Q. How will the RMP rule impact changes to OSHA's PSM update?

A. It won't. Both the OSHA PSM standard and the EPA RMP rule aim to prevent or minimize the
consequences of accidental chemical releases through implementation of management program
elements that integrate technologies, procedures, and management practices. In addition to
requiring implementation of management program elements, the RMP rule requires covered
sources to submit (to EPA) a document summarizing the source's risk management program -
called a Risk Management Plan (or RMP). The OSHA PSM standard and EPA RMP regulation are
closely aligned in content, policy interpretations, Agency guidance, and enforcement. Since the
inception of these regulations, EPA and OSHA have coordinated closely on their implementation
in order to minimize regulatory burden and avoid conflicting requirements for regulated facilities.
This coordination has continued throughout the development of this rule and on OSHA's initial
steps toward proposing potential changes to the PSM standard. The preamble to the final rule
describes topics where EPA's approach was specifically coordinated with other agencies including
OSHA, such as the regulation of AN and the use of the term "practicability" in lieu of "feasibility"
for the STAA provision.

EPA received several comments requesting that EPA withdraw its rulemaking and coordinate
more closely with OSHA. EPA has coordinated with OSHA in the development of the proposed
and final rules, in which OSHA participated in EPA's Small Business Advocacy Review (SBAR)
panel and EPA participated in OSHA's SBAR panel.
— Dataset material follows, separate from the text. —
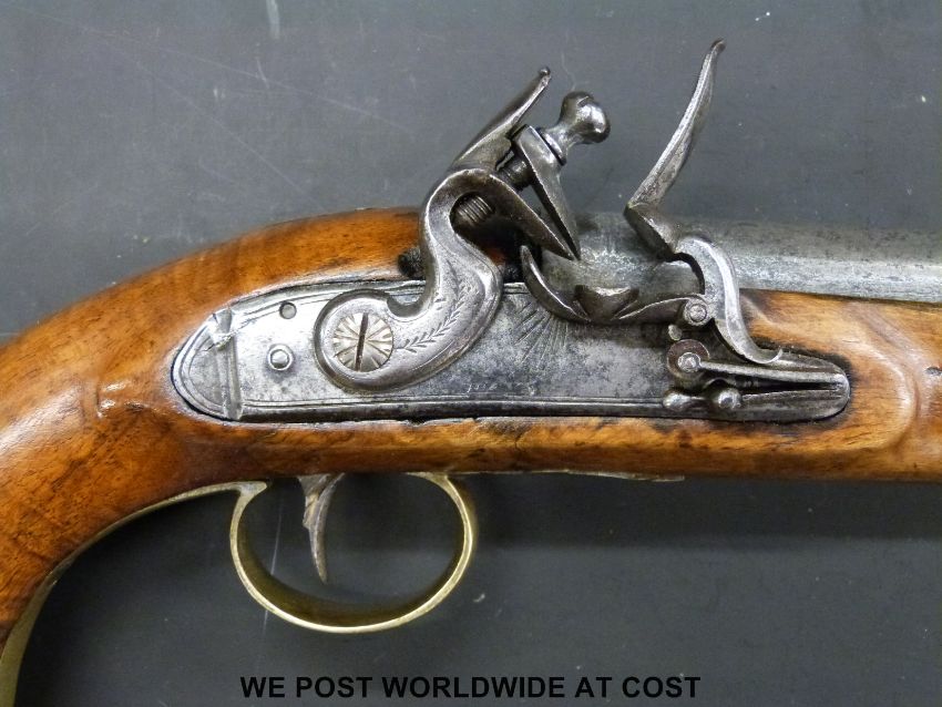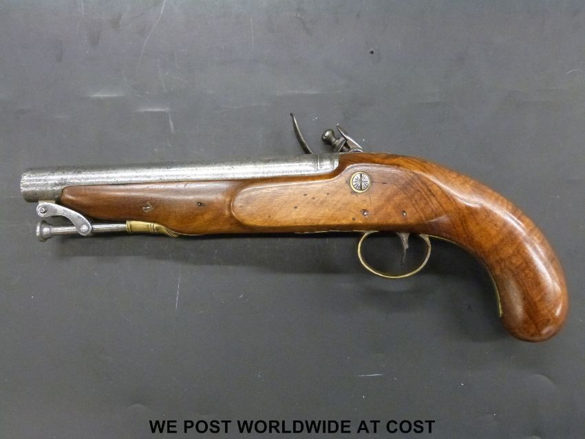 Private purchase flintlock hammer action New Land pistol , with 20cm steel barrel named London and stamped with proof marks, brass mounts and captive ramrod, c1800 (overall length 36cm)

OSHA has completed this SBAR panel as an
initial step toward proposing potential changes to the PSM standard, which may include some
changes that are similar to those in the final RMP rule. However, EPA does not believe it is
necessary to conduct its rulemaking on exactly the same timeline as OSHA. The 1990 CAA
Amendments contained separate timelines for the initial OSHA and EPA rulemakings and has no
provisions restricting timeframes for either agency amending its rules.